For the current version of the study, researchers did a genome-wide association study involving 801 individuals over the age of 100 years old from the New England Centenarian Study and 914 healthy controls from the same population. Based on findings from the discovery group, investigators developed a 281-SNP set for predicting longevity that they then tested in two more centenarian and control cohorts. The genetic signature predicted longevity with between 60 and 85 percent accuracy, they report. An additional genetic clustering analyses hinted at the potential presence of genetic sub-types within the centenarian group.

Meanwhile, researchers from Australia and the UK used a GWAS approach to begin looking at how genetics influences the maintenance of mental acuity over an individual's lifetime. The investigators genotyped samples from more than 1,900 individuals from Scottish birth cohorts who had taken standardized general intelligence tests when they were 11 years old for mental health surveys done in 1932 and 1947. Individuals took cognitive and other tests again when they were 65, 70, or 79 years old. Results from the study, published online in Nature, suggest genetic factors do contribute to changes in general intelligence as we age, though environmental factors seem to have a more pronounced effect.

"The results … strongly suggest how important the environment is helping us to stay sharp as we age," University of Queensland researcher Peter Visscher, co-corresponding author, said in a statement.

"Neither the specific genetic nor environmental factors were identified in this research," he added. "Our results provide the warrant for others and ourselves to search for those."

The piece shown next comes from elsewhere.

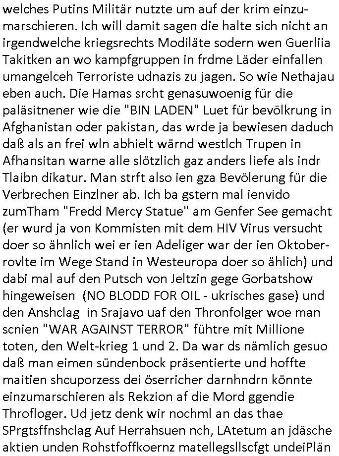 welches Putins Militär nutzte um auf der krim einzu-marschieren. Ich will damit sagen die halte sich nicht an irgendwelche kriegsrechts Modiläte sodern wen Guerliia Takitken an wo kampfgruppen in frdme Läder einfallen umangelceh Terroriste udnazis zu jagen. So wie Nethajau eben auch. Die Hamas srcht genasuwoenig für die paläsitnener wie die "BIN LADEN" Luet für bevölkrung in Afghanistan oder pakistan, das wrde ja bewiesen daduch daß als an frei wln abhielt wärnd westlch Trupen in Afhansitan warne alle slötzlich gaz anders liefe als indr Tlaibn dikatur. Man strft also ien gza Bevölerung für die Verbrechen Einzlner ab. Ich ba gstern mal ienvido zumTham "Fredd Mercy Statue" am Genfer See gemacht (er wurd ja von Kommisten mit dem HIV Virus versucht doer so ähnlich wei er ien Adeliger war der ien Oktober-rovlte im Wege Stand in Westeuropa doer so ählich) und dabi mal auf den Putsch von Jeltzin gege Gorbatshow hingeweisen (NO BLODD FOR OIL - ukrisches gase) und den Anshclag in Srajavo uaf den Thronfolger woe man scnien "WAR AGAINST TERROR" fühtre mit Millione toten, den Welt-krieg 1 und 2. Da war ds nämlich gesuo daß man eimen sündenbock präsentierte und hoffte maitien shcuporzess dei öserricher darnhndrn könnte einzumarschieren als Rekzion af die Mord ggendie Throfloger. Ud jetz denk wir nochml an das thae SPrgtsffnshclag Auf Herrahsuen nch, LAtetum an jdäsche aktien unden Rohstfoffkoernz matellegsllscfgt undeiPlän
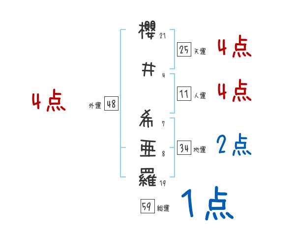櫻井希亜羅さんの画数の鑑定結果

A University of Utah team used microsatellite genotyping to explore the genetic basis of the extensive variation found in pigeon breeds — work they outline in a Current Biology study. The researchers genotyped 360 pigeons representing 70 domestic breeds and two wild pigeon populations from Salt Lake City and Scotland. Based on their phylogenetic analyses using data at almost three-dozen microsatellite markers, the group was able to untangle relationships between the breeds and dig down to their geographic origins. The work also illustrates the processes contributing to the evolution of some pigeon traits, study authors say, opening the door for further study of the genes behind these traits.

"Most people think of pigeons as rats of the sky, but domestic pigeon breeds are wonderfully diverse," University of Utah biologist Michael Shapiro, the study's corresponding author, said in a statement.

"The striking differences we see between breeds within this single species are characteristic of the types of differences we typically see between species," he added. "Our hope is that by understanding the genes that control pigeon diversity, we'll have a great starting point to understand diversity in the wild."

Genomics In The Journals is a weekly feature pointing readers to select, recently published articles involving genomics and related research.